TASK ITEM: Write out all the entries word for word and omit any pictures.

Collection entries:
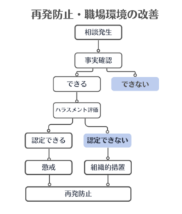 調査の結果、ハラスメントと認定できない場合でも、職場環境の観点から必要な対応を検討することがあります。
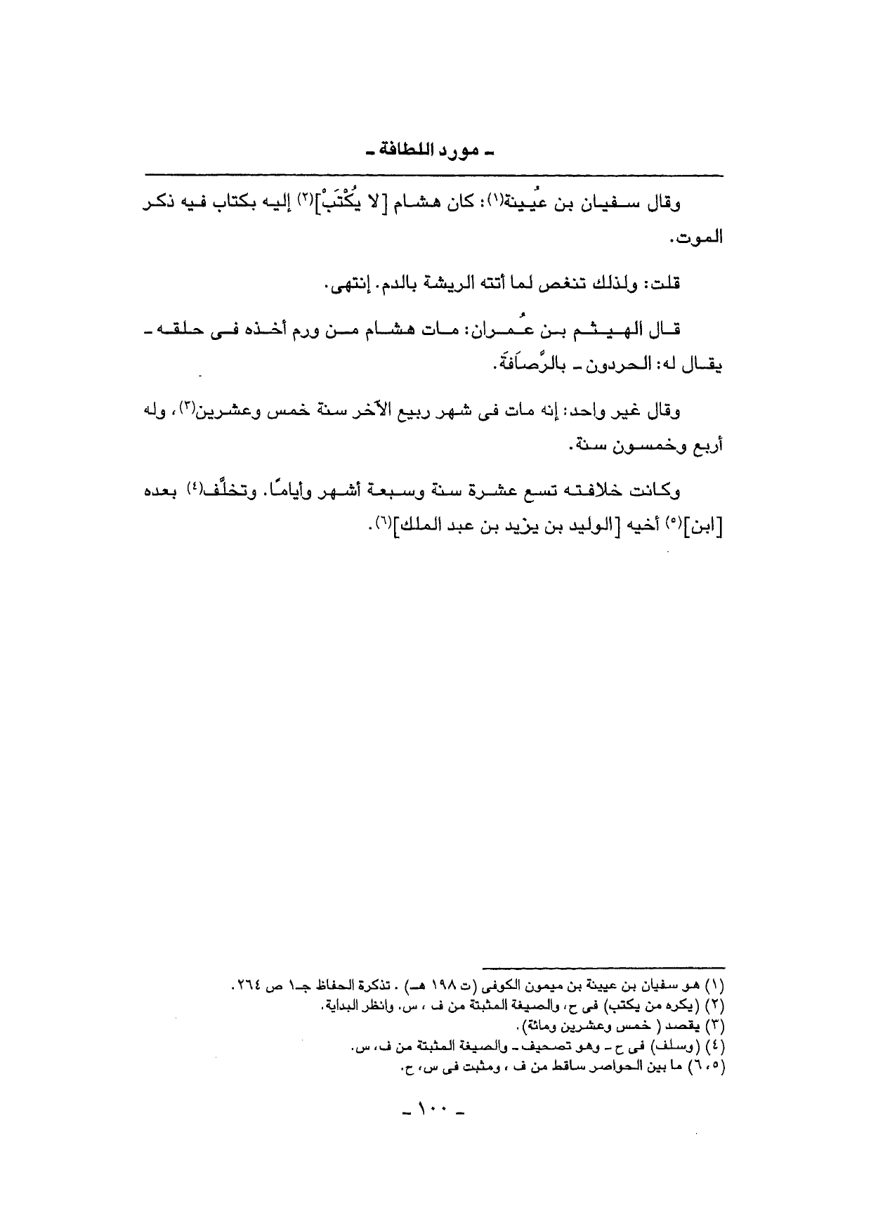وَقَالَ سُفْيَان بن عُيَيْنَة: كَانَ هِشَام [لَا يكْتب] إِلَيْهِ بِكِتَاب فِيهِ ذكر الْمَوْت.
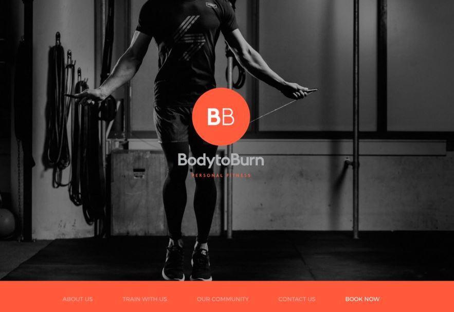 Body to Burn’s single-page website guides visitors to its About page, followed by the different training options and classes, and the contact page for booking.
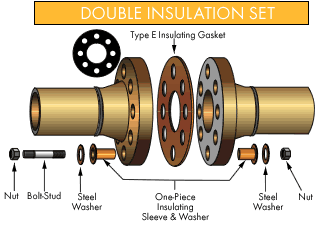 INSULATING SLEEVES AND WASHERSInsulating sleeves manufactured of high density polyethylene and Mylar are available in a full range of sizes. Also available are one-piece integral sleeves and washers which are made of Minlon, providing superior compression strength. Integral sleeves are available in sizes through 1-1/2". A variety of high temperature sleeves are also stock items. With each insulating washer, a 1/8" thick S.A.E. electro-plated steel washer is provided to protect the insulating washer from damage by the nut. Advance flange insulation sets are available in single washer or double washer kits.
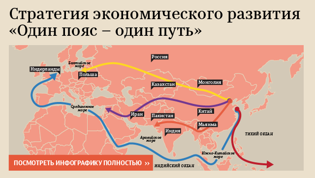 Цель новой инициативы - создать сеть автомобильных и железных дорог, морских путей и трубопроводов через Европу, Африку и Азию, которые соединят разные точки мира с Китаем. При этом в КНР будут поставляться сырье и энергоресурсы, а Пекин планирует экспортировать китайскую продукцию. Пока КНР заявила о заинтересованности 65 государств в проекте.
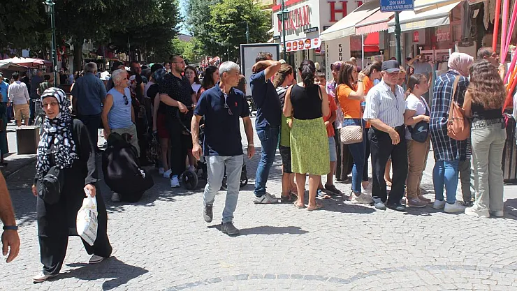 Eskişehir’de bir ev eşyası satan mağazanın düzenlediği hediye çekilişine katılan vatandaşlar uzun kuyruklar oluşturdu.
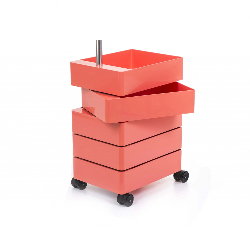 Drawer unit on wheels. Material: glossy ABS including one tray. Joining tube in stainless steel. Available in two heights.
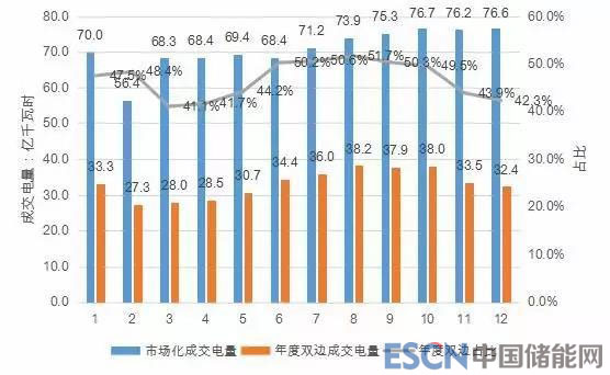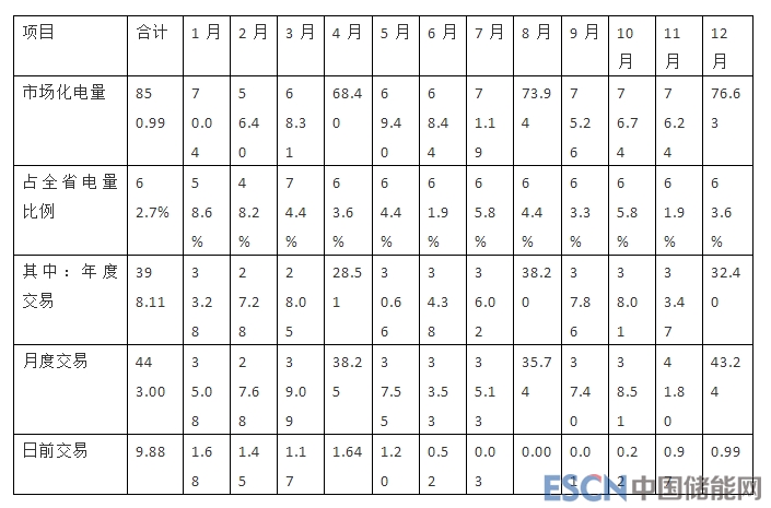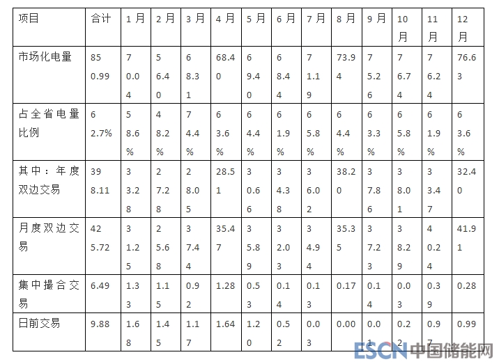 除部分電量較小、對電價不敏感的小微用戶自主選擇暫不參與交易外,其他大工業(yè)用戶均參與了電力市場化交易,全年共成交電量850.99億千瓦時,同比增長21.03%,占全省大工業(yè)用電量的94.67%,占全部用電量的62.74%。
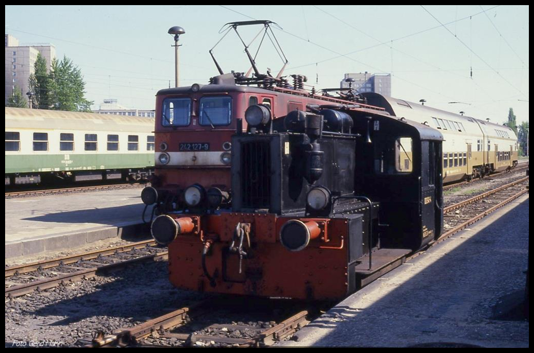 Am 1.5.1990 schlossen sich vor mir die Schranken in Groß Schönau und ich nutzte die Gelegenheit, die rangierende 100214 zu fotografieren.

SOLUTION TO THIS PROBLEM:
 調査の結果、ハラスメントと認定できない場合でも、職場環境の観点から必要な対応を検討することがあります。
وَقَالَ سُفْيَان بن عُيَيْنَة: كَانَ هِشَام [لَا يكْتب] إِلَيْهِ بِكِتَاب فِيهِ ذكر الْمَوْت.
 Body to Burn’s single-page website guides visitors to its About page, followed by the different training options and classes, and the contact page for booking.
 INSULATING SLEEVES AND WASHERSInsulating sleeves manufactured of high density polyethylene and Mylar are available in a full range of sizes. Also available are one-piece integral sleeves and washers which are made of Minlon, providing superior compression strength. Integral sleeves are available in sizes through 1-1/2". A variety of high temperature sleeves are also stock items. With each insulating washer, a 1/8" thick S.A.E. electro-plated steel washer is provided to protect the insulating washer from damage by the nut. Advance flange insulation sets are available in single washer or double washer kits.
 Цель новой инициативы - создать сеть автомобильных и железных дорог, морских путей и трубопроводов через Европу, Африку и Азию, которые соединят разные точки мира с Китаем. При этом в КНР будут поставляться сырье и энергоресурсы, а Пекин планирует экспортировать китайскую продукцию. Пока КНР заявила о заинтересованности 65 государств в проекте.
 Eskişehir’de bir ev eşyası satan mağazanın düzenlediği hediye çekilişine katılan vatandaşlar uzun kuyruklar oluşturdu.
 Drawer unit on wheels. Material: glossy ABS including one tray. Joining tube in stainless steel. Available in two heights.
 除部分電量較小、對電價不敏感的小微用戶自主選擇暫不參與交易外,其他大工業(yè)用戶均參與了電力市場化交易,全年共成交電量850.99億千瓦時,同比增長21.03%,占全省大工業(yè)用電量的94.67%,占全部用電量的62.74%。
 Am 1.5.1990 schlossen sich vor mir die Schranken in Groß Schönau und ich nutzte die Gelegenheit, die rangierende 100214 zu fotografieren.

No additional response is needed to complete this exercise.